Department of Immigration and Multicultural Affairs

Department overview
- Formed: 11 March 1996
- Preceding Department: Department of Immigration and Ethnic Affairs (II) Department of the Prime Minister and Cabinet – for multicultural affairs;
- Dissolved: 26 November 2001
- Superseding Department: Department of Immigration and Multicultural and Indigenous Affairs;
- Jurisdiction: Commonwealth of Australia
- Headquarters: Canberra
- Annual budget: $350 million (approximate annual operating budget in 2000)
- Minister responsible: Philip Ruddock, Minister for Immigration and Multicultural Affairs;
- Department executives: Helen Williams, Secretary (1996–1998); Bill Farmer, Secretary (1998–2001);
- Child agencies: Refugee Review Tribunal; Immigration Review Tribunal;
- Website: immi.gov.au

= Department of Immigration and Multicultural Affairs (1996–2001) =

Former Australian government department

The Department of Immigration and Multicultural Affairs (also called DIMA) was an Australian government department that existed between March 1996 and November 2001. Its slogan was "Enriching Australia through migration".

==Scope==
Information about the department's functions and government funding allocation could be found in the Administrative Arrangements Orders, the annual Portfolio Budget Statements, in the department's annual reports and on the department's website.

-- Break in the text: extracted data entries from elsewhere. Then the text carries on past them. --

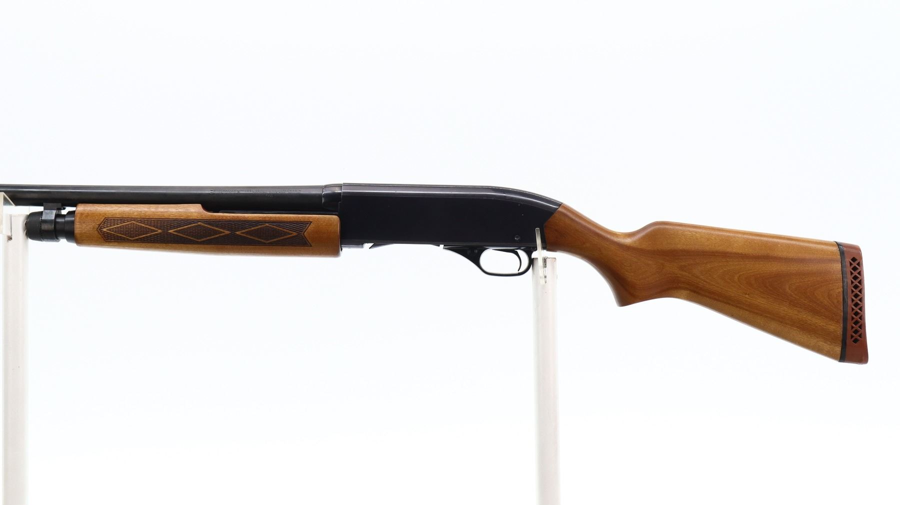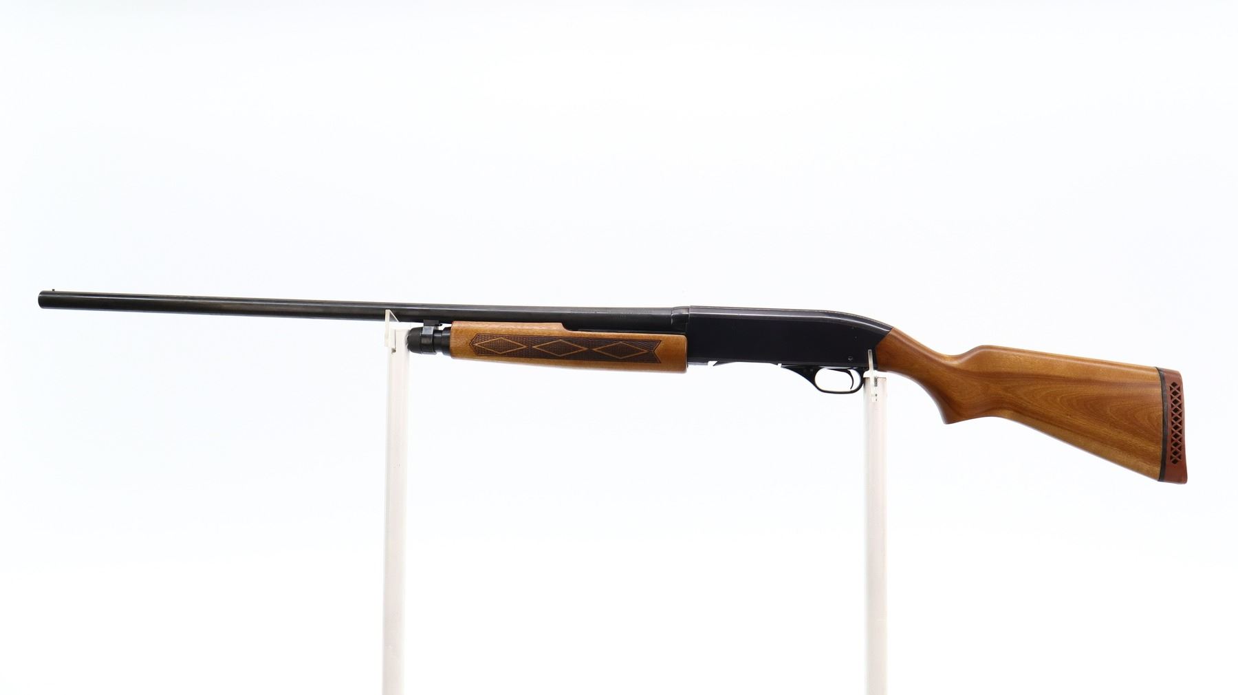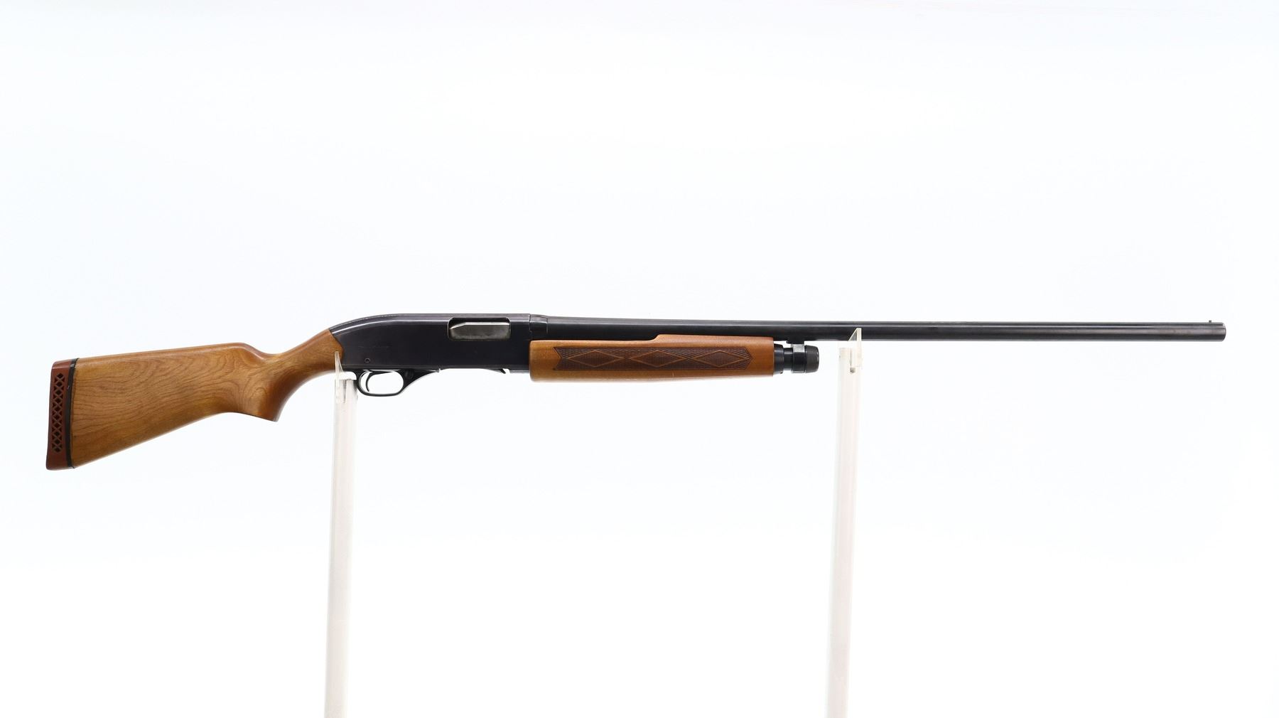 5/10, WINCHESTER, MODEL: 2200, CALIBER:12 G X 2 3/4", BORE IS GOOD. FIXED FULL CHOKE. SILVER BEAD, BLUED ROUND BARREL, BLACK ALLOY RECEIVER. TWO PIECE WOOD STOCKS, CHECKERED FOREARM, SMOOTH PISTOL GRIP, RED VENTED RUBBER RECOIL PAD, 13.5" LOP. METAL FINISH SHOWS SCRATCHES, HANDLING MARKS AND WEAR. STOCKS SHOW MARKS, SCRATCHES AND WEAR., ACTION: PUMP ACTION SHOTGUN, BARREL LENGTH: 30", SERIAL # 430986, CONDITION: 5/10, CLASS: CANADIAN NON RESTRICTED
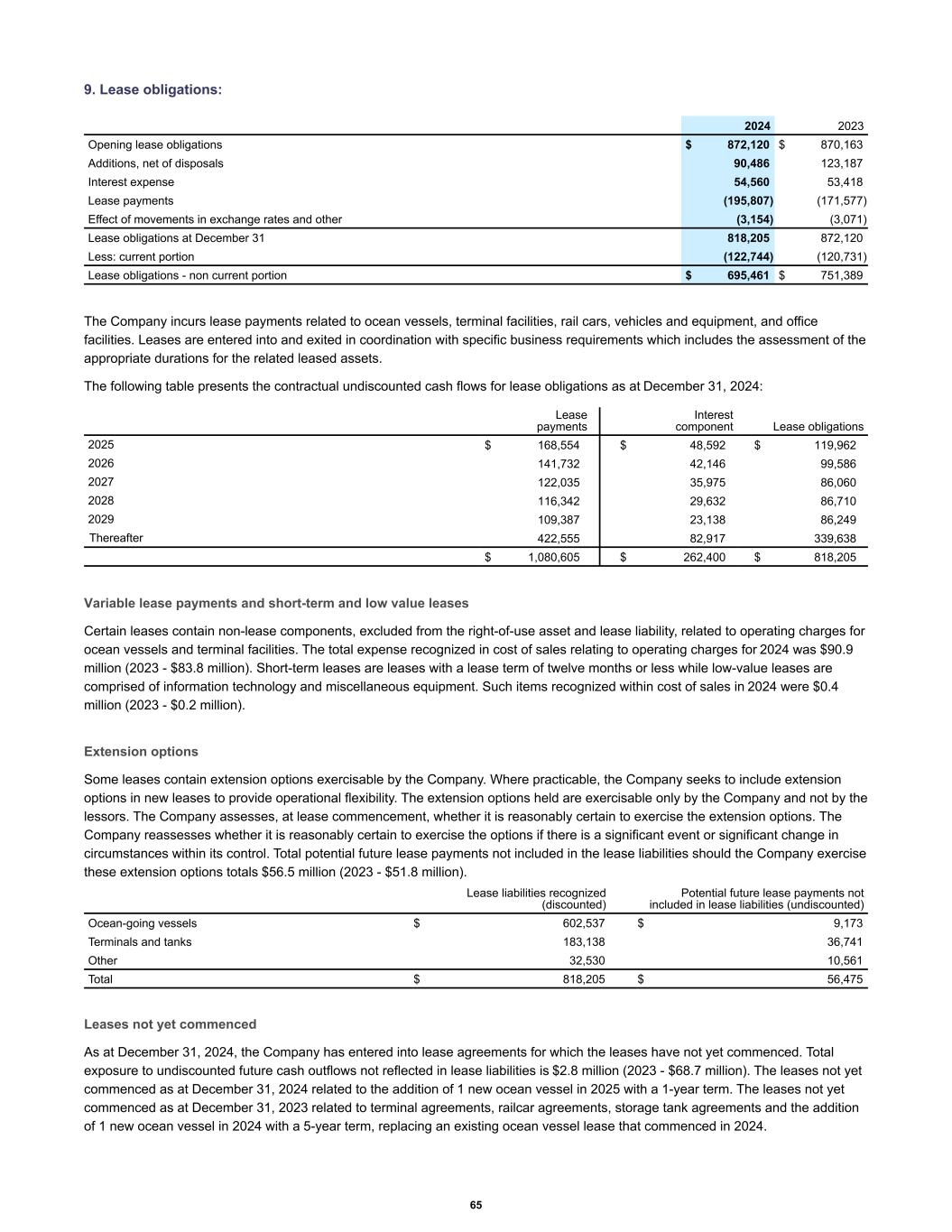 9. Lease obligations: 2024 2023 Opening lease obligations $ 872,120 $ 870,163 Additions, net of disposals 90,486 123,187 Interest expense 54,560 53,418 Lease payments (195,807) (171,577) Effect of movements in exchange rates and other (3,154) (3,071) Lease obligations at December 31 818,205 872,120 Less: current portion (122,744) (120,731) Lease obligations - non current portion $ 695,461 $ 751,389 The Company incurs lease payments related to ocean vessels, terminal facilities, rail cars, vehicles and equipment, and office facilities. Leases are entered into and exited in coordination with specific business requirements which includes the assessment of the appropriate durations for the related leased assets. The following table presents the contractual undiscounted cash flows for lease obligations as at December 31, 2024: Lease payments Interest component Lease obligations 2025 $ 168,554 $ 48,592 $ 119,962 2026 141,732 42,146 99,586 2027 122,035 35,975 86,060 2028 116,342 29,632 86,710 2029 109,387 23,138 86,249 Thereafter 422,555 82,917 339,638 $ 1,080,605 $ 262,400 $ 818,205 Variable lease payments and short-term and low value leases Certain leases contain non-lease components, excluded from the right-of-use asset and lease liability, related to operating charges for ocean vessels and terminal facilities. The total expense recognized in cost of sales relating to operating charges for 2024 was $90.9 million (2023 - $83.8 million). Short-term leases are leases with a lease term of twelve months or less while low-value leases are comprised of information technology and miscellaneous equipment. Such items recognized within cost of sales in 2024 were $0.4 million (2023 - $0.2 million). Extension options Some leases contain extension options exercisable by the Company. Where practicable, the Company seeks to include extension options in new leases to provide operational flexibility. The extension options held are exercisable only by the Company and not by the lessors. The Company assesses, at lease commencement, whether it is reasonably certain to exercise the extension options. The Company reassesses whether it is reasonably certain to exercise the options if there is a significant event or significant change in circumstances within its control. Total potential future lease payments not included in the lease liabilities should the Company exercise these extension options totals $56.5 million (2023 - $51.8 million). Lease liabilities recognized (discounted) Potential future lease payments not included in lease liabilities (undiscounted) Ocean-going vessels $ 602,537 $ 9,173 Terminals and tanks 183,138 36,741 Other 32,530 10,561 Total $ 818,205 $ 56,475 Leases not yet commenced As at December 31, 2024, the Company has entered into lease agreements for which the leases have not yet commenced. Total exposure to undiscounted future cash outflows not reflected in lease liabilities is $2.8 million (2023 - $68.7 million). The leases not yet commenced as at December 31, 2024 related to the addition of 1 new ocean vessel in 2025 with a 1-year term. The leases not yet commenced as at December 31, 2023 related to terminal agreements, railcar agreements, storage tank agreements and the addition of 1 new ocean vessel in 2024 with a 5-year term, replacing an existing ocean vessel lease that commenced in 2024. 65
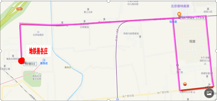 由地铁善各庄出站后走善各庄北路口、香江北路、观唐东路回地铁善各庄。设地铁善各庄、香江北岸C区、地铁马泉营站(东行)等12个站位。线路长度10.2公里;单程计划行驶时间约30分钟。运营时间为5:30--22:00。

According to the Administrative Arrangements Order made on 11 March 1996, the department dealt with:
- Migration, including refugees
- Citizenship
- Ethnic affairs
- Post-arrival arrangements for migrants, other than migrant child education
- Multicultural affairs

==Structure==
The department was an Australian Public Service department, staffed by officials who were responsible to the Minister for Immigration and Multicultural Affairs, Philip Ruddock. The Secretary of the department was Helen Williams (until February 1998) and then Bill Farmer. In 2000, the department had approximately 3600 staff.